**WHAT TO DO**: Each line that includes the word "Frank" should be copied from the records.

**TASK INPUTS**:
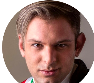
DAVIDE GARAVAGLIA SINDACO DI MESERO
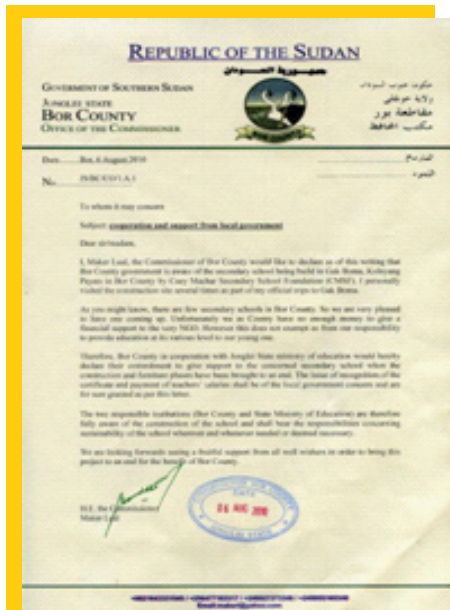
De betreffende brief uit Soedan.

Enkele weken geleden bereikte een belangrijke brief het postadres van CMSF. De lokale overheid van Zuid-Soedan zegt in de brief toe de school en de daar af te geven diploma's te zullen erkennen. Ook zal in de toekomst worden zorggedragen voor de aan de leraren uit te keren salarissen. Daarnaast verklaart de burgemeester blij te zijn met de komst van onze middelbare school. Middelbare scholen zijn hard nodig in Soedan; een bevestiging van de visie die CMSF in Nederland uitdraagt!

...

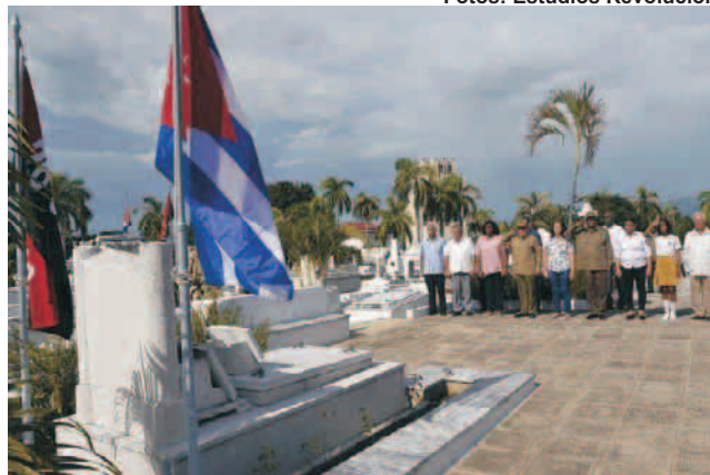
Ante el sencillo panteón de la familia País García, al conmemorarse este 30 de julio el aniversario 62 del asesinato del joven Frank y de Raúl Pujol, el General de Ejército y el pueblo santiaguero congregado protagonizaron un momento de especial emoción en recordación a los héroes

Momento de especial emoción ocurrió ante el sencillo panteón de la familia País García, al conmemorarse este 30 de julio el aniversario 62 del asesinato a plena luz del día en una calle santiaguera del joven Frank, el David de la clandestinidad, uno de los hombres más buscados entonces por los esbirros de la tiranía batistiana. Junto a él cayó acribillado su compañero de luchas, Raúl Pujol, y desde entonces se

**ANSWER TO THIS EXERCISE**:
Ante el sencillo panteón de la familia País García, al conmemorarse este 30 de julio el aniversario 62 del asesinato del joven Frank y de Raúl Pujol, el General de Ejército y el pueblo santiaguero congregado protagonizaron un momento de especial emoción en recordación a los héroes
Momento de especial emoción ocurrió ante el sencillo panteón de la familia País García, al conmemorarse este 30 de julio el aniversario 62 del asesinato a plena luz del día en una calle santiaguera del joven Frank, el David de la clandestinidad, uno de los hombres más buscados entonces por los esbirros de la tiranía batistiana. Junto a él cayó acribillado su compañero de luchas, Raúl Pujol, y desde entonces se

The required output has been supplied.